Saving Encoder's Velocity and Position Estimates for Analysis

I want to save the velocity and position estimations from the encoder into a list to do extra analysis (and get the acceleration) and plotting. I simply tried to append the .encoder.vel_estimate to a list after a position changing command like below:

velocity = []
pos = []
while True:
    odrv0.axis1.controller.input_pos = 10
 
    velocity.append(odrv0.axis1.encoder.vel_estimate)
    pos.append(odrv0.axis1.encoder.pos_estimate)
 
    time.sleep(6)
 
    odrv0.axis1.controller.input_pos = 0
 
    velocity.append(odrv0.axis1.encoder.vel_estimate)
    pos.append(odrv0.axis1.encoder.pos_estimate)
 
    time.sleep(6)

but it doesn’t work, it only saves a single value each time the line is run. I tried to see how it is done in the utils.py at the start_liveplotter function, but I couldn’t comprehend the loop.

EDIT1: I just found these two topics, but they are somewhat old, is there any better practice?
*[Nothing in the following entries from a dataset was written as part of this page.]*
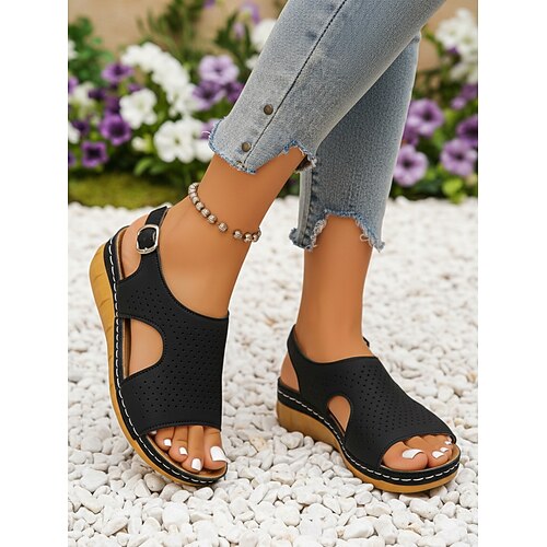 Per donna Sandali Sandali con la zeppa Taglie forti Sandali a piedi nudi Esterno Ufficio Giornaliero Color Block Tinta unita Estate Fibbia Zeppa Punta tonda Punta chiusa Classico Informale Footing
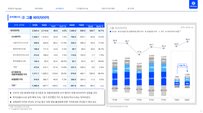 • 특히 우호적인 시장 환경에 힘입어 유가증권 및 외환·파생 관련 손익이 크게 증가하며 전체 비이자이익 성장을 견인
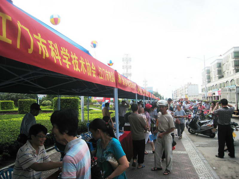 5月21日,按照全省科技进步活动月的统一部署,江门市科学技术协会和江门市农业局于当天上午联合有关学会、协会和涉农单位等23个部门,组织卫生、农业专家36名和科普志愿者33名在新会区双水镇举办江门市送科技卫生文化下乡集市活动。集市活动吸引了当地镇村群众和企业员工近5000人。江门市政协副主席赵树培亲自参加了活动并作现场指导工作。
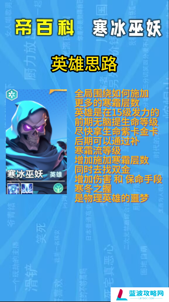 全局围绕如何施加,更多的寒霜层数,英雄是在15级发力的,前期无脑提生命等级,尽快拿生命紫卡金卡,后期可以通过补,寒霜流等级,增加施加寒霜层数,同时去找双金,增加伤害 和保命手段,寒冬之握是物理英雄的噩梦
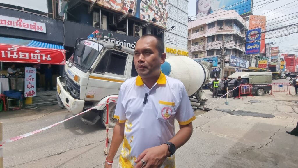 จากการสอบถาม ร.ต.อ.ดร.ตรีลุพธ์ ธูปกระจ่าง นายกเทศมนตรีนครรังสิต บอกว่าได้รับแจ้งจากชาวบ้านว่ามีรถปูนคันดังกล่าวขับย้อนศร เข้ามาถนนซอยหมู่บ้าน ซึ่งเป็นถนนวันเวย์ และจุดดังกล่าวเป็นโรงสูบน้ำของหมู่บ้าน เวลาฝนตกหนัก จุดนี้จะเป็นที่ตั้งเครื่องสูบน้ำขนาดใหญ่ ซึ่งปกติจะไม่ให้รถใหญ่ย้อนหรือวิ่งเข้ามาเนื่องจากมีการทรุดตัวอยู่แล้วและข้างล่างจะเป็นดินโพรง เนื่องจากเป็นทางแยกขอแนวท่อน้ำประปา และท่อน้ำทิ้งซึ่งมีมา 20 กว่าปีแล้ว ทางเทศบาลได้นำแผงเหล็กและแนวกั้นมากั้นไว้ และอยู่ระหว่างซ่อมแซม แต่ทางคนขับรถปูนก็ยังผ่าฝืนแนวกั้นเข้ามาได้ ทำให้ถนนพังจนได้ ซึ่งส่งผลกระทบทำให้การจราจรในซอยนี้ติดขัด เพราะมีประชากรในหมู่บ้านเข้าออกจำนวนมาก
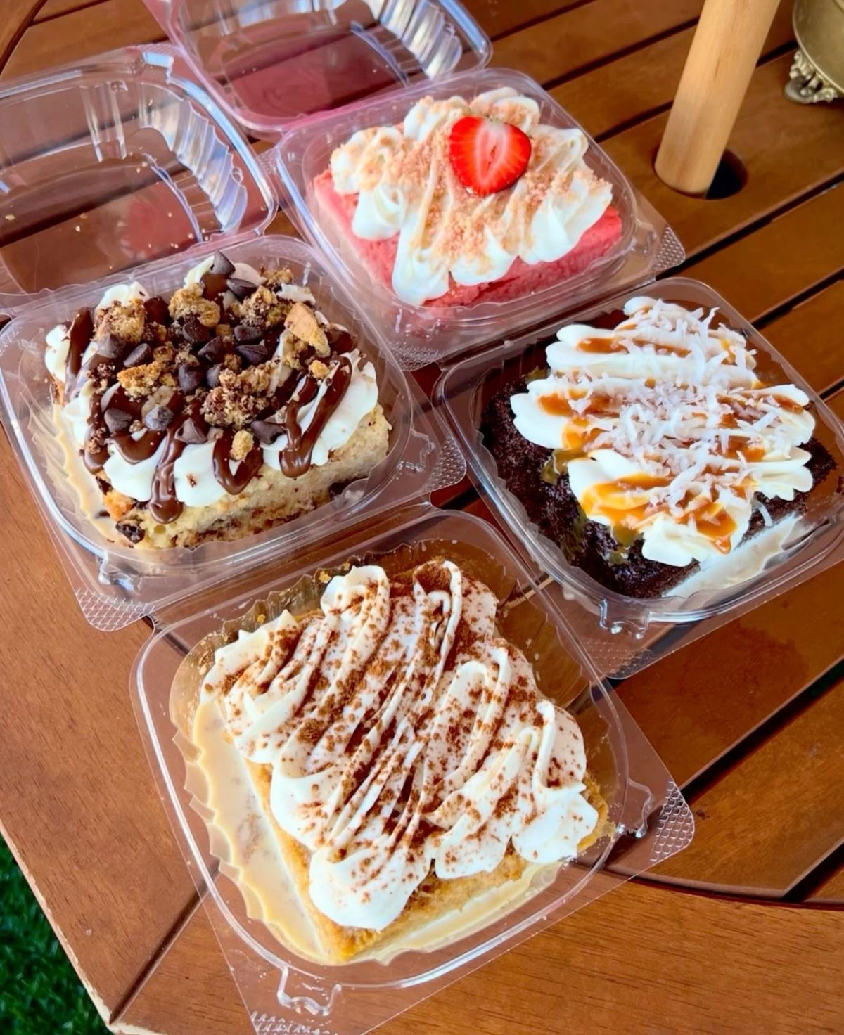 This is our triple milk cake… a very moist vanilla cake soaked in three different kinds of milk. Very rich and thick milky content
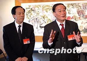 圖:王岐山與北京市人大代表討論拆遷問題 (2004-02-16 20:55:16)
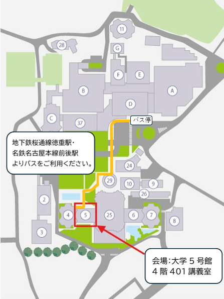 ・学外から参加される方につきましては、駐車場の確保行っておりませんので、公共交通機関で

Hi! You can write a loop like this:

import time
velocity = []
pos = []
t = []

t_sample = 0.01 # Sample at 100Hz
t_wait = 6 # Wait six seconds between setpoint changes

t_start = time.time() # Timestamp for when we started sampling
while True:
    odrv0.axis1.controller.input_pos = 10
    
    t_0 = time.time()
    
    while (time.time() - t_0 < t_wait):
        velocity.append(odrv0.axis1.encoder.vel_estimate)
        pos.append(odrv0.axis1.encoder.pos_estimate)
        t.append(time.time() - t_start)
        time.sleep(t_sample)
 
    odrv0.axis1.controller.input_pos = 0

    t_0 = time.time()
    
    while (time.time() - t_0 < t_wait):
        velocity.append(odrv0.axis1.encoder.vel_estimate)
        pos.append(odrv0.axis1.encoder.pos_estimate)
        t.append(time.time() - t_start)
        time.sleep(t_sample)

Your issue is that the sampling code only runs once before the time.sleep(6) blocks for the six seconds. Here, we move it into a polling loop, so that there isn’t any actual blocking calls.

That’ll additionally capture the timestamps of each datapoint.

Note two things:

  1. The while True loop will never exit - you should have some exit condition, such as a keyboard command (ctrl-C for instance), or an amount of time elapsing
  2. Since there’s no limit to the amount of data stored in pos and velocity, it’ll quickly grow in memory size and may cause memory errors
  3. Since you’re continuously appending to a list, Python will have to re-allocate the memory for this list. If you can pre-allocate it before hand (i.e. make a list of known length full of zeroes), this’ll greatly speed up the code.
1 Like

Wow!! thanks a lot @solomondg I wasn’t expecting to get a full nice code!! Thank you again it works perfectly. I only added a break from the parent while to get data of a single cycle.